I am finding that there is cloud talk everywhere , even OS developers like Apple , Microsoft, Ubuntu and many more are bringing things to the people and saying things like private cloud or public cloud etc..
Already virtualization is gaining pace in the market and Cisco is also heading towards it quite rapidly..... so my question is ...what will happen to companies who are non IT or just enterprise .... how about local ASA , PIX , IPS , MARS or other devices that are with the enterprise...
I am sure my subject title says the same , please do comment and let us discuss this here more broadly and in a greater clarity.
Cisco likes to sell hardware. Hackers love to have a single organisation to infiltrate. Do not worry too much about security moving to the cloud. No financial insitute would ever risk it. It is OK for mama's and papa's stores.
A basic security element is trust. In order for one to feel that the cloud gives security, they have to trust the cloud provider. As Conwyn stated, the cloud may be ok for some, but not all.
I think the work just changes to meet the immediate design. There is plenty of consulting work to go around. Some organizations will be less likely to embrace the cloud. Some organizations will need due diligence with their cloud providers. In addition, we are having to design connectivity to cloud providers (for example a vpn to amazon virtual private cloud). Others will be on the bleeding edge, get burned because of the lack of due diligence and move their systems back in-house. In the end, we will have a complex mish-mash of in-house and out-sourced solutions that will keep us all busy. We've been in these cycles as long as I've been in technology. This is just one of them. Just my opinion though.

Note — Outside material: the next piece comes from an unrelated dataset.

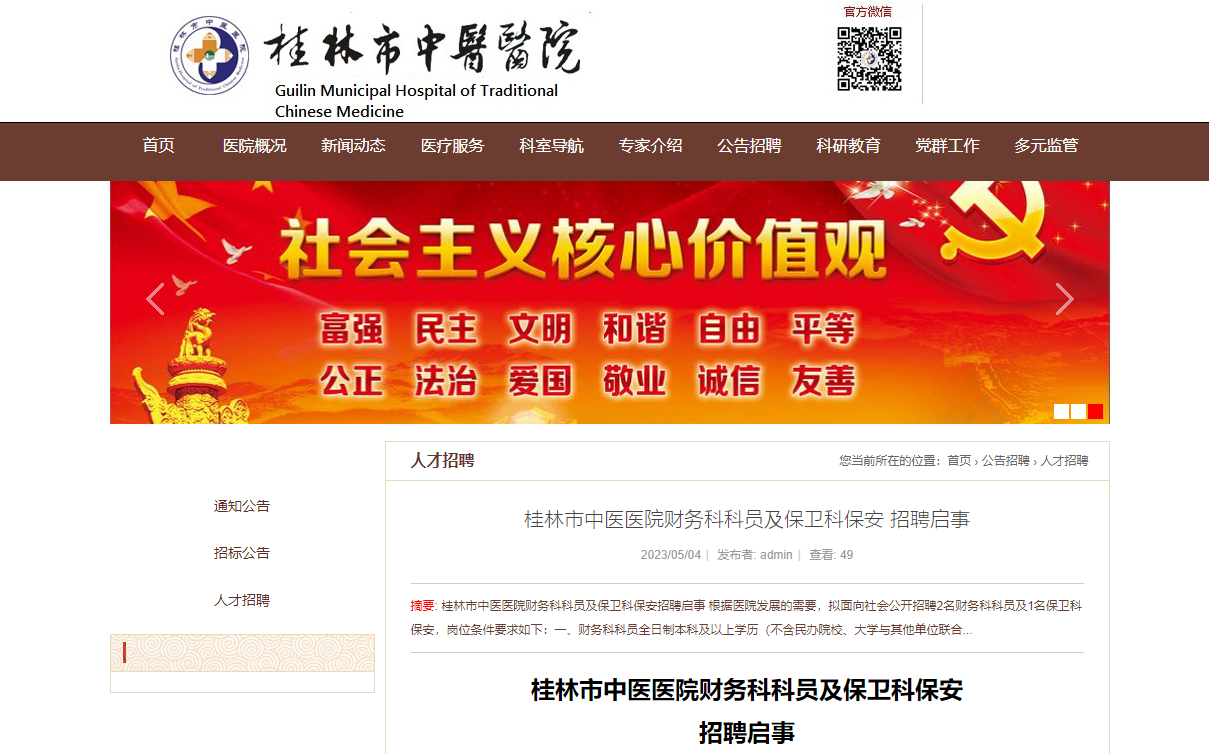 原文標(biāo)題:桂林市中醫(yī)醫(yī)院財(cái)務(wù)科科員及保衛(wèi)科保安招聘啟事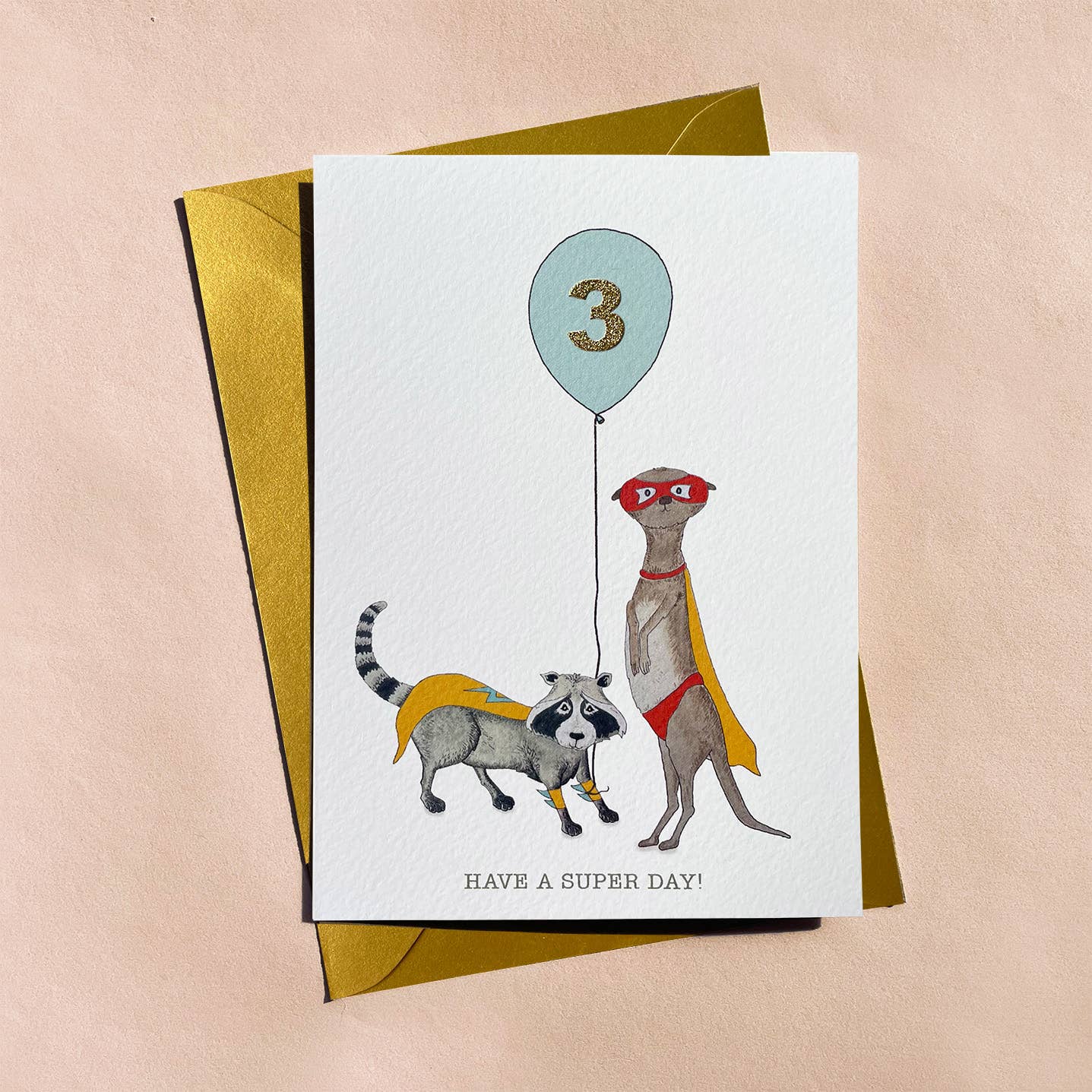 - A fun animal birthday card featuring an illustrated superhero meerkat and raccoon with a gold number in the balloon for bringing some added party fun and sparkle.

Not sure regulatory compliance allows either corporates or enterprises to absolve themselves completely from their security responsibilities, even if they do out-task certain aspects to the cloud.
Have come across a few online articles of late that have highlighted the shortage of security professionals and security devices that are no longer fit for purpose (incidently both MARS and PIX are EoL), which could be argued builds the case for SECaaS, as there are plenty of highly reputable Managed Security Service Providers (MSSPs) around.
I think you'll find the Cloud becomes an extension of many networks as they exist today. The Cloud is more of an evolution of technologies and concepts than a revolution, if you look at the progression and trends of the past 5 years.
With that said, security is still security. You will still need security architects that fully grasp the implications of cloud technologies and how their vendor provides the service. They will need to be able to integrate the Cloud into the existing network in concert with the overall Architecture, in such a way that meets their current security needs. Often times a new security architecture may be borne out of this integration, or at the very least, growth and addition to the current security architecture.